EXERCISE REQUIREMENTS:
Your output must hold every entry exactly as written and none of the pictures.

--- START ---

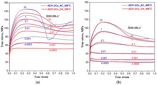True stress—true strain curves obtained on as-cast (AC) and cast-homogenized (CH) specimens at different strain rates at temperatures of (a) 300 °C and (b) 400 °C.
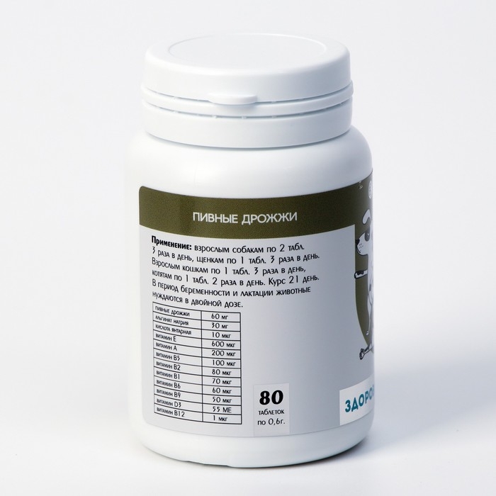 Пивные дрожжи "Здоровый желудок" для кошек и собак, с энтеросорбентом, 80 таб
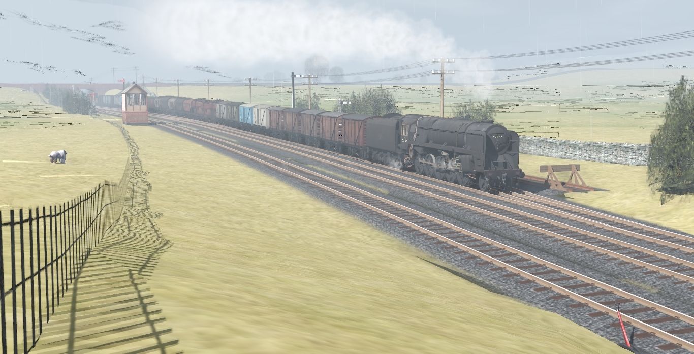 Tags: Trainz Railroad Simulator 2022, Hawes Junction, Vintage Scenes - Early March 1966, BR 9f Double Chimney, BR 9f tender BR1F Late Logo, BR 12T Standard Van Weathered, BR 20T Prestwin Diag 1/274 1960s, BR 20T Prestwin Diag 1/277 1960s, BR 20T LimeHop Diag 271 CGP, BR 20T GrainHop Diag 271 CGP, BR 20T GrainHop Diag 271 CGO, BR 20T GrainHop Diag 275 CGV, BR 20T GrainHop Diag 270 CGO, BR 12T Standard Van Early Weathered
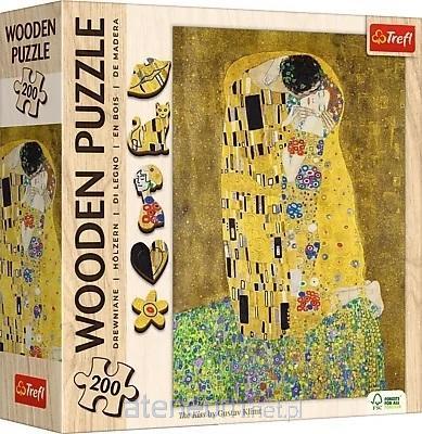 WOODEN PUZZLE 200 elementów przedstawiające znany na całym świecie obraz Pocałunek, Gustav Klimt.
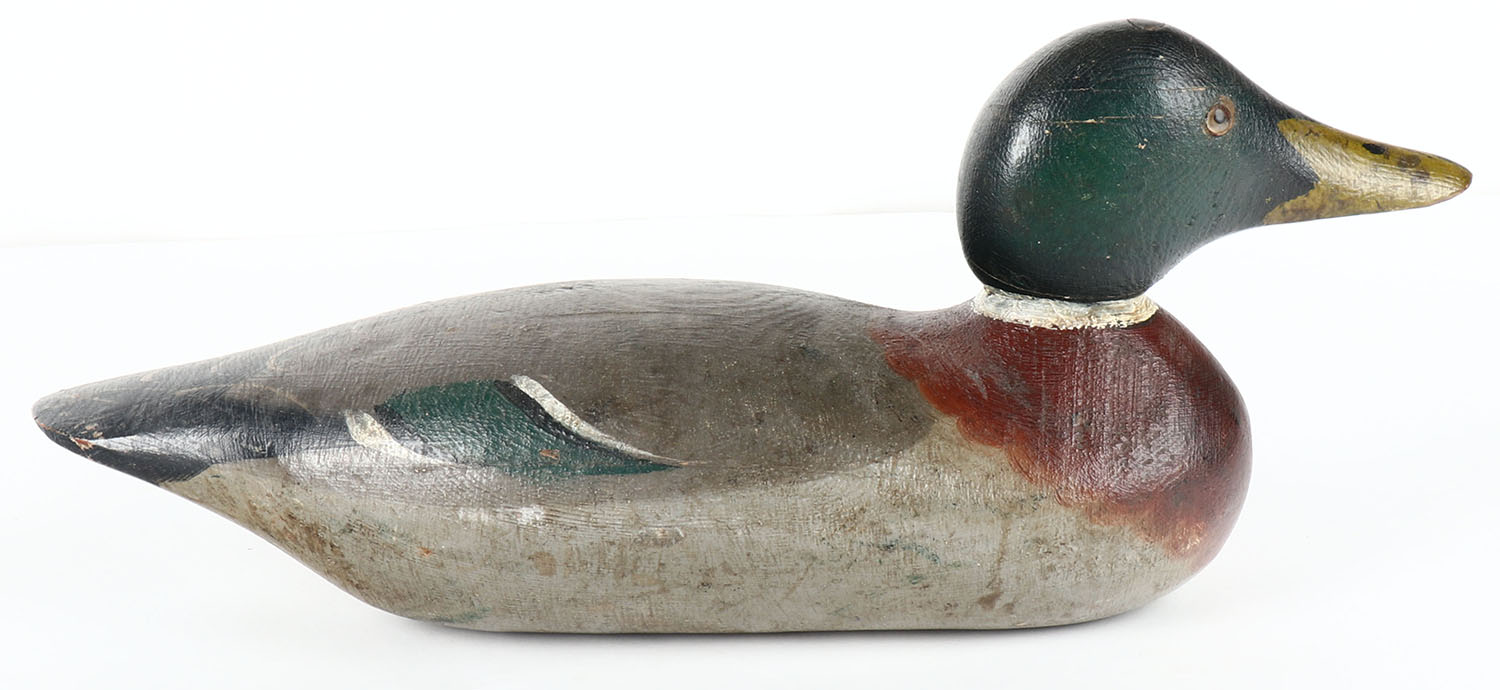 Standard Mallard Drake by Mason Decoy Company, Detroit, MI, 1896-1924. Glass eyes, solid wood, strong all original paint, structurally excellent. Grade: Very Good ++ - Value: 60 to 125

--- END ---

RESULT OF THIS TASK:
True stress—true strain curves obtained on as-cast (AC) and cast-homogenized (CH) specimens at different strain rates at temperatures of (a) 300 °C and (b) 400 °C.
 Пивные дрожжи "Здоровый желудок" для кошек и собак, с энтеросорбентом, 80 таб
 Tags: Trainz Railroad Simulator 2022, Hawes Junction, Vintage Scenes - Early March 1966, BR 9f Double Chimney, BR 9f tender BR1F Late Logo, BR 12T Standard Van Weathered, BR 20T Prestwin Diag 1/274 1960s, BR 20T Prestwin Diag 1/277 1960s, BR 20T LimeHop Diag 271 CGP, BR 20T GrainHop Diag 271 CGP, BR 20T GrainHop Diag 271 CGO, BR 20T GrainHop Diag 275 CGV, BR 20T GrainHop Diag 270 CGO, BR 12T Standard Van Early Weathered
 WOODEN PUZZLE 200 elementów przedstawiające znany na całym świecie obraz Pocałunek, Gustav Klimt.
 Standard Mallard Drake by Mason Decoy Company, Detroit, MI, 1896-1924. Glass eyes, solid wood, strong all original paint, structurally excellent. Grade: Very Good ++ - Value: 60 to 125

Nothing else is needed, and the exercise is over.